Bank officials in SF to discuss economy

SAN FRANCISCO

These banks are losing money and some admit they're losing millions of dollars, all because of this mortgage mess. While some lenders are already starting to alter their practices on how they lend out money, others who are dealing heavily with the sub-prime lenders may already be too late.

Everywhere you look it seems like home prices are falling, but it is still not enough, according to one banking analyst, to fix the mortgage crisis.

"Home prices have to adjust even more downward because the relationship between people's earnings and the home prices are still out of kilt," says analyst Les Muranyi.

Les Muranyi travels the country. His job is to rate the performance of banks. He has his own take on the current FBI investigation with Countrywide on possible securities fraud.

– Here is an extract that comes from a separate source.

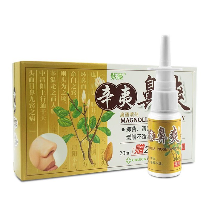 Xin Yi Bi Shuang — натуральный спрей для носа на основе компонентов растительного происхождения. Обладает выраженными антибактериальными, противовирусными, регенерирующими, тонизирующими и увлажняющими свойствами. Спрей для носа «Магнолия» способствует сужению сосудов, останавливает кровотечения, уничтожает вредоносные микроорганизмы, которые активно размножаются на слизистой оболочке носовых проходов.Средство Xin Yi Bi Shuang поможет быстрее справиться с респираторными, простудными и вирусными заболеваниями, облегчит носовое дыхание, ускорит лечение насморка любого происхождения., В подарок идет 2 пластыря для носа. Они специально разработаны для расширения носовых ходов, что обеспечивает мгновенное облегчение при насморке и отеках. Незаменимы для людей, страдающих от храпа., Показания к применению:, Способ применения спрея: Делайте по 1-2 впрыскивания в носовую полость 3-4 раза в день или по мере необходимости., Способ применения пластырей: Тщательно промыть и высушить кожу носа. Снять защитную пленку и зафиксировать пластырь на центральной перегородке носа, подождать несколько секунд чтобы он прилег к коже. Носить не более 12 часов., Противопоказания: Индивидуальная непереносимость компонентов, беременность, период лактации, детский возраст., Состав: экстракт Магнолии, Сапожниковия, экстракт Дудника Даурского, Гуттуиния, Копытень Зибольда, Вайда красильная, Мята перечная, Хлоргексидина ацетат 0,05-0,10%.

"I don't think the investigations will be limited to Countrywide bank. I think banks heavily involved in sub prime lending will be reviewed and investigated," says Muranyi.

What went wrong, Muranyi claims, is money hungry investors combined with eager lenders.

"It's the greed factor. Prices are going up and theyride that wave. So, wishful thinking that earnings will go up."

Despite the dark predictions, one of the world's largest banks, Wells Fargo, claims it is still loaning money out for homes, but restrictions are tight and it added business with subprime lenders last June.

"The problems are likely to get worse as time goes on. There are a lot of issues that drive that. One is the economy sliding towards a recession with a distant possibility of a depression," says Muranyi.

Wells Fargo did admit it is not immune problems of the mortgage mess. The bank admitted that out of its $22 billion dollar loan portfolio, it lost $18 million dollars last year.